On Documentation – thinks that i thought

I have yet to work anywhere that had either a good documentation tool or a good documentation workflow, and as a result, I’ve yet to work somewhere that had good documentation. Indeed, based on my own personal experiences, there are only two kinds of docs: out-of-date and non-existent.

Because of this, I can’t say for sure what good tooling or workflows would look like, but if I squint just right at all the wrongness I’ve been exposed to, I can start to see the fuzzy outline of rightness taking shape. I’ll do my best to describe it here.

First and foremost, as anyone who’s done it can tell you, writing is hard. Both the tooling and the workflow for creating docs need to recognize that, and do their absolute best to reduce the friction involved in getting words from your head to the page. One of the biggest sources of this friction that I’ve personally encountered is categorization. Docs are usually just about as well organized as the kitchen junk-drawer, and often along the same principle: “as long as we can get the drawer closed, it’s fine”. This means that checking to see if there’s existing documentation on a subject, trying to update that doc if it does exist, and figuring out where to add it if it doesn’t exist, all carry some frustrating cognitive load. The fix to this is to have an agreed upon structure to the docs, whether it’s a hierarchy of categories or just an accepted tagging taxonomy. Knowing where to add new docs and where to find existing ones needs to be effortless.

In and ideal world, having an agreed upon structure would mean no one ever creates redundant documents. In the real world, tooling needs to account for human error, and help users identify possible duplicates when creating or updating docs. It also needs to help prevent duplicating data within documents, and from external sources: it should be at least possible, if not easy, to import data from other documents, source control, build systems, databases, etc. Every time you copy and paste data into a document from an external source, you’re violating DRY; “don’t repeat yourself” applies just as readily to documents and data as it does to code.

And in the spirit of not repeating yourself: there needs to be an agreed-upon style-guide. It seems pretty common for docs to have ad hoc conventions for differentiating code, shell commands, config options, etc. – and often those conventions aren’t even consistently observed within a single document, meaning you have to remake those style decisions every time they come up. Agreeing on a style-guide as a group means that those decisions get made once, and you just consult the guide as needed while you write. Even better would be if the tooling provides formatting help and document templates that make it easy to adhere to the guide.

Another major sticking point is that docs are often centralized in some neglected wiki or corporate CMS of some kind. Even the simplest changes require multiple round trips to the server, and there’s too much latency on every round-trip. You can’t use your preferred editor, and the editor you can use is crappy. A good documentation tool needs to treat online editing and offline editing as equals. Think what Github is to git: it’s easy to get things done online, and just as easy to get them done offline, even if you don’t have a network connection. Since offline editing should let you use the editor of your choice, we probably want to use a portable text format. Markdown is probably the path of least resistance there, though there are other options. If we go a step further and say it should be just as easy to read the docs offline as on, then we’ve covered our bases for when our centralized doc repository goes offline during a disaster and suddenly no-one can access the disaster recovery docs.

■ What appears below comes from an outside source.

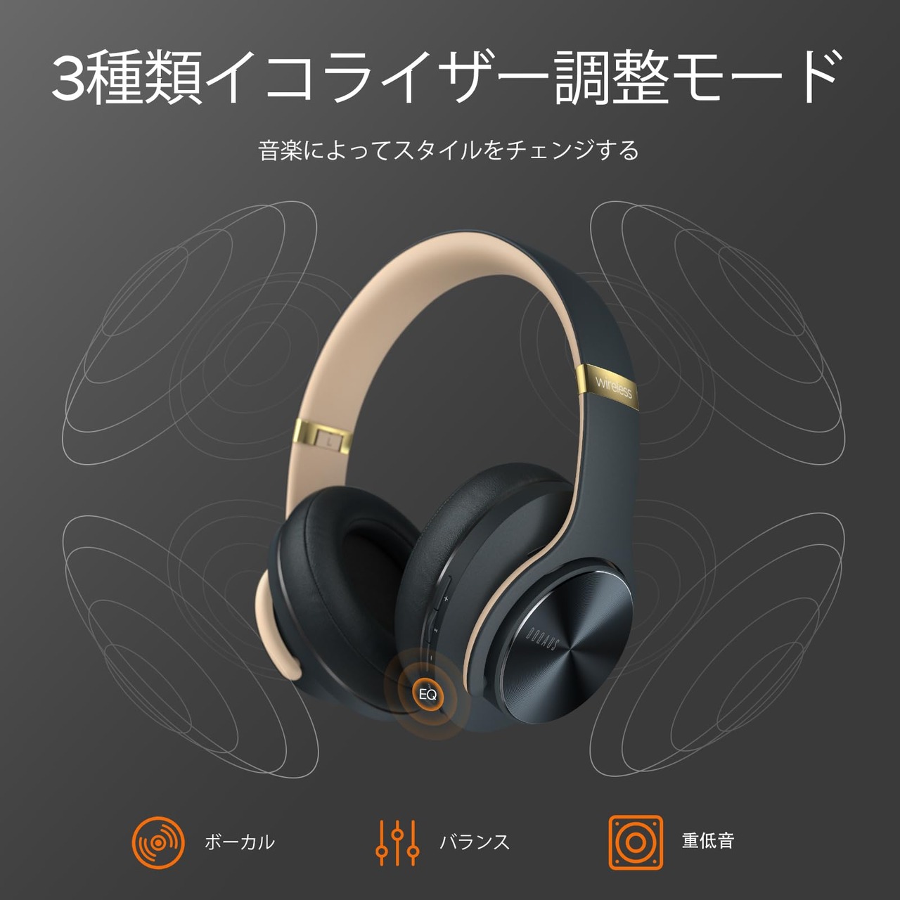 三種類イコライザーモード:1.バランスモード(均衡の高低音体験)2.重低音モード(旋律の低音鼓動を増幅し、澎湃な音楽体験)3.ボーカルモード(低音部分を3 dB減少することで歌手の声の帯域にフォーカス)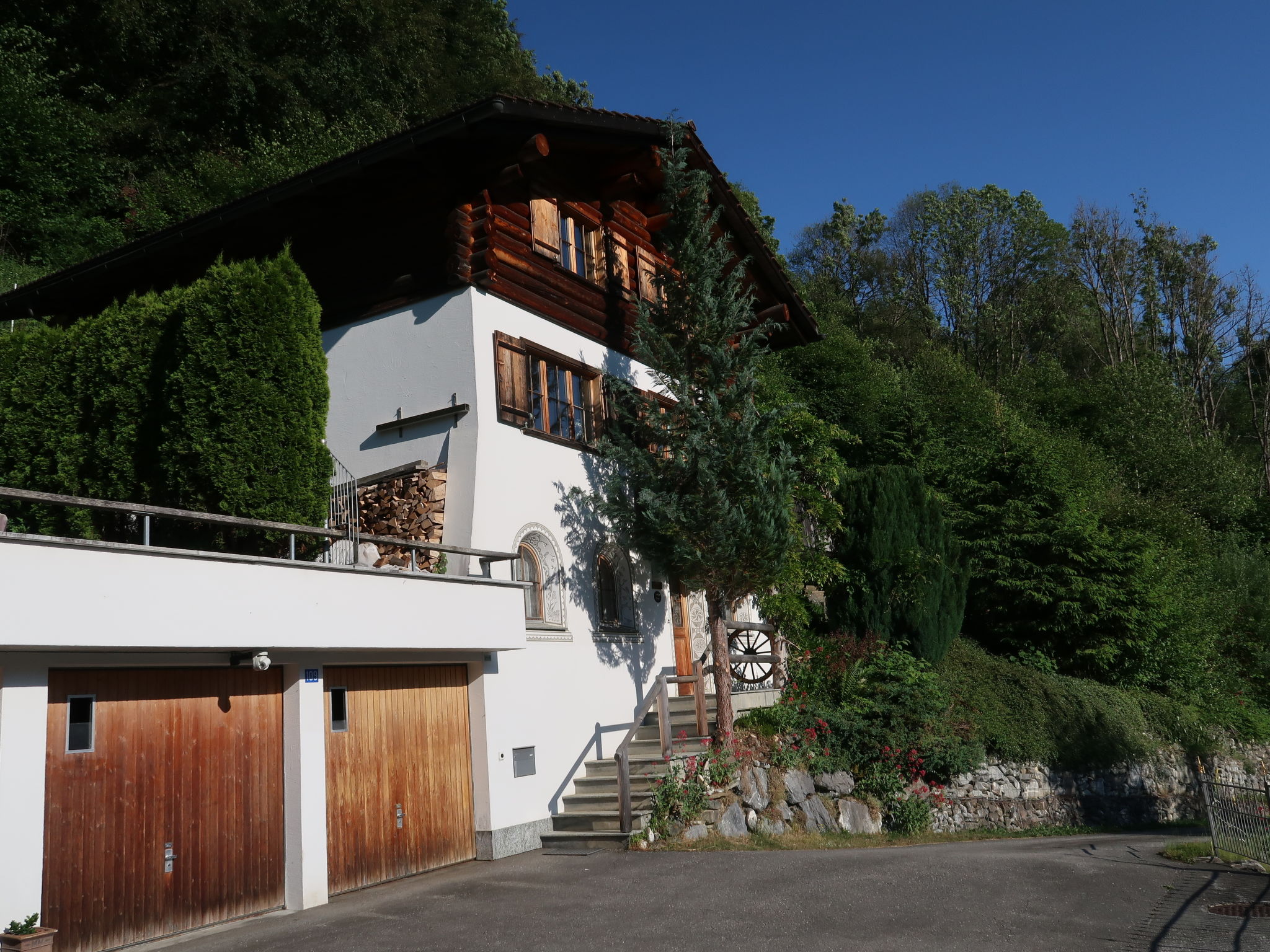 Mittellunden 20 km from Klosters: Cosy, rustic single-family house "Chalet Bergnest", 830 m a.s.l., 3 storeys, built in 1990, renovated in 2010. On the outskirts, 4 km from the centre of Schiers, in a quiet, sunny, elevated position on a slope. Private: property, garden. In the house: storage room for bicycles, storage room for skis, central heating system, washing machine, tumble dryer. Motor access to the house (mountain road). Parking at the house, single garage. Shop 4 km, grocery 4 km, supermarket 4 km, restaurant 4 km, bus stop 100 m. Cable car 20 km, skisport facilities 20 km. Well-known ski regions can easily be reached: Klosters/Davos 20 km, Fideriser Heuberge 20 km. Please note: car recommended.

You might think having a revision history and being able to diff revisions would go without saying, but in practice it’s still often overlooked, so let’s state explicitly that this is a must have. Another must is a way to mark terms as being synonymous, and its counterpart, a way to disambiguate terms that have multiple meanings. It would also be great to have a system to suggest potential cross-references, i.e. when there’s a document title that matches what you’ve typed, you’re asked if you want to link to that document. I’ve only seen this feature once, but it was amazing and should be standard.

I’d also love to see some really first rate search become more common. Not just full-text search, which is starting to become the norm, but solid presentation of the search results: document title, a snippet showing the query match in context, but also all the relevant document metadata such as author, last modified time, category/taxonomy, etc. Further, metadata fields need to be searchable and sortable. Being able to search and sort on last modified time is a god-send when it comes to finding out-of-date docs, as is being able to search for docs authored by past employees. It’s also often handy information for the users reading your docs, as well.

And now that we’ve dealt with all of these hurdles to getting docs written and keeping them updated, we can get to the heart of the matter: documentation needs to be treated as a necessity. Code shouldn’t pass review if the commit doesn’t have an accompanying update for the docs. New department policies can’t be announced via terse emails, they have to be codified as actual documentation. But unless the sticking points from above are sanded down first you’ll have a hard time getting people to agree to these policies, and a harder time getting people to follow them. You can mandate whatever you want, but it absolutely won’t happen if following the mandate is too much of a hassle. Better to skip the hassle and pick tools that make good practice practicable.

Sadly, I don’t know of a tool set that encompasses even most of those features, let alone all of them, but there’s a small fortune waiting for the first person to put all these pieces together.